In the study phase, visual words were presented, and participants were required to visualize the referent of each word and decide if the object was larger or smaller than the computer monitor in front of them. In addition, for half of the words, a picture of the object was also presented after the word. For the other half, a blank rectangle was presented instead. The words that were accompanied by a picture were counterbalanced across participants, and these 'word plus picture' trials were randomly intermixed with 'word-only' trials (Fig. 1). Participants were told to focus on the imagery task for the words and that no response was required for the pictures or rectangles. Fifty words were presented in each of the seven runs.
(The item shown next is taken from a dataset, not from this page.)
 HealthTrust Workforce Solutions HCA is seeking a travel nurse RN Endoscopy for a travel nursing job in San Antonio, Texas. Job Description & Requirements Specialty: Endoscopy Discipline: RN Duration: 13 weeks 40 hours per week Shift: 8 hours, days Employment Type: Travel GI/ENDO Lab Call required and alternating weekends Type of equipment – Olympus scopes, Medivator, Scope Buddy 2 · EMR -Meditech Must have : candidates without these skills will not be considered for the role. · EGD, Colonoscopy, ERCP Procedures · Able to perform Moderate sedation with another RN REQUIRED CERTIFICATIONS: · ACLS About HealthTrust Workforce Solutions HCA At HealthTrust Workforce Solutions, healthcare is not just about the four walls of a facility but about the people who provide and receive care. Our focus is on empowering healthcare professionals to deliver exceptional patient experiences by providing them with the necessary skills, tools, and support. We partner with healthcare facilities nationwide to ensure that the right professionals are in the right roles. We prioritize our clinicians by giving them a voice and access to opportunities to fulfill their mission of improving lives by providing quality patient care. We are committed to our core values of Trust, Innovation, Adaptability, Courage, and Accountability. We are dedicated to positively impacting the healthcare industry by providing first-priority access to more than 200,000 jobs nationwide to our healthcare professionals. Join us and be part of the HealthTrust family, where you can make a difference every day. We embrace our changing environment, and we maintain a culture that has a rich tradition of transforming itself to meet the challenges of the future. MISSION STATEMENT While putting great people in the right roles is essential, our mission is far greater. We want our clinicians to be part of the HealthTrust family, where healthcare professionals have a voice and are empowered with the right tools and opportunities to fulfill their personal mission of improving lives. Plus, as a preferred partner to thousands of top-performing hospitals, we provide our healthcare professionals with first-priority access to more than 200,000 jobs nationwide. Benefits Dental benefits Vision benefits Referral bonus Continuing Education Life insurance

The test phase began immediately after the study phase. In each test run, participants heard 75 spoken words. For each word, participants were told to respond with one hand if a picture of that object had been seen in the study phase and with the other hand if a picture had not been seen (that is, unstudied words or words presented without a picture). The assignment of left or right hand to each response was counterbalanced across participants. The word list was composed of 175 words that had been seen as words and pictures, 175 words that had been seen as words only and 175 unstudied words, all randomly intermixed (Fig. 1).
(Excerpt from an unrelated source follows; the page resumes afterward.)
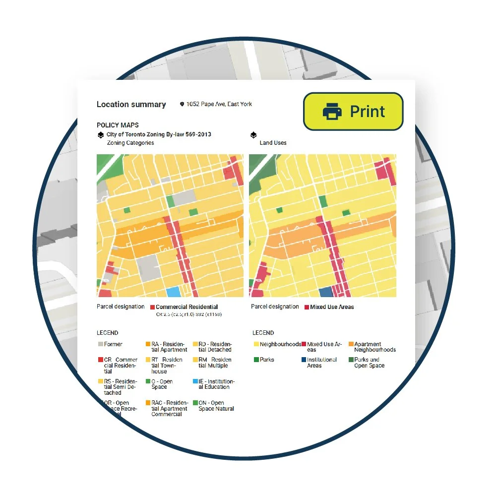 In under a minute, you can access ALL planning and policy data relevant to a specific address. Our reports provide parcel designation, statistics, existing building height, public assets, and more, along with direct links to the relevant policy documentation. This saves you the time of digging through city websites and lengthy PDF’s, summarizing what is applicable to your site and supports you in understanding what you can build.

The electroencephalogram (EEG) was recorded using tin electrodes embedded in an elastic cap. The following 21 scalp electrodes from the International 10–20 system were used: Fpz, Fz, Cz, Pz, Oz, Fp1, Fp2, F3, F4, C3, C4, P3, P4, O1, O2, F7, F8, T3, T4, T5 and T6. Recordings were referenced initially to left mastoid and digitally re-referenced offline to the average of left and right mastoid. The electro-oculogram (EOG) was recorded using an electrode placed beneath the right eye referenced to left mastoid, and electrodes placed lateral to each eye referenced to one another. Signals were amplified with a 0.1–100 Hz bandpass filter and digitized at a rate of 250 samples per second continuously. For averaging, data were resampled at a rate of 125 samples per second with a 50-Hz low-pass filter. Each trial consisted of a 1940-ms epoch preceded by a 100-ms prestimulus baseline. Data were examined for EOG and muscle artifacts, and trials with such artifacts were removed before averaging. (An average of 28.6% of the trials were rejected.) Hypothesis-driven ERP analyses focused on midline occipital and parietal electrode sites (alpha level, 0.05), based on ERP findings from a related protocol20 and on our hypotheses concerning the effects of visual imagery.
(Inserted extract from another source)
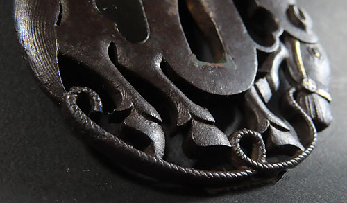れた彫金技法の彫りが 冴える昔ながらの鍔です。
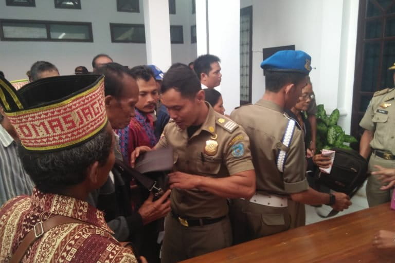 Para undangan dari Laman Kinipan pun dibuat kaget karena petugas Satpol PP bikin aturan ketat. Bak masuk ke dalam lembaga pemasyarakatan (Lapas), mereka dilarang membawa masuk tas dan telepon seluler.

Before the analyses, we implemented an RT-based matching procedure on the test-phase ERP data. The mean RT was 146 ± 22 ms slower for false memories ('yes' responses to word-only items) than for accurate picture memories; this difference was significant (t11 = 6.75, p < 0.001). This RT difference is potentially problematic because it could confound the central ERP comparison. To circumvent this problem, the RT distributions of the two conditions were closely matched by selecting an accurate picture memory trial for each false memory trial based on RT, a procedure that was possible because the original RT distributions overlapped considerably (Fig. 5). The resulting ERPs were thus based on an equivalent number of trials and an equivalent RT distribution for the two conditions.

Figure 5: Response time distributions for accurate picture memory responses and false memory responses before matching.
figure 5

Histogram of response times from all 12 participants in the experiment.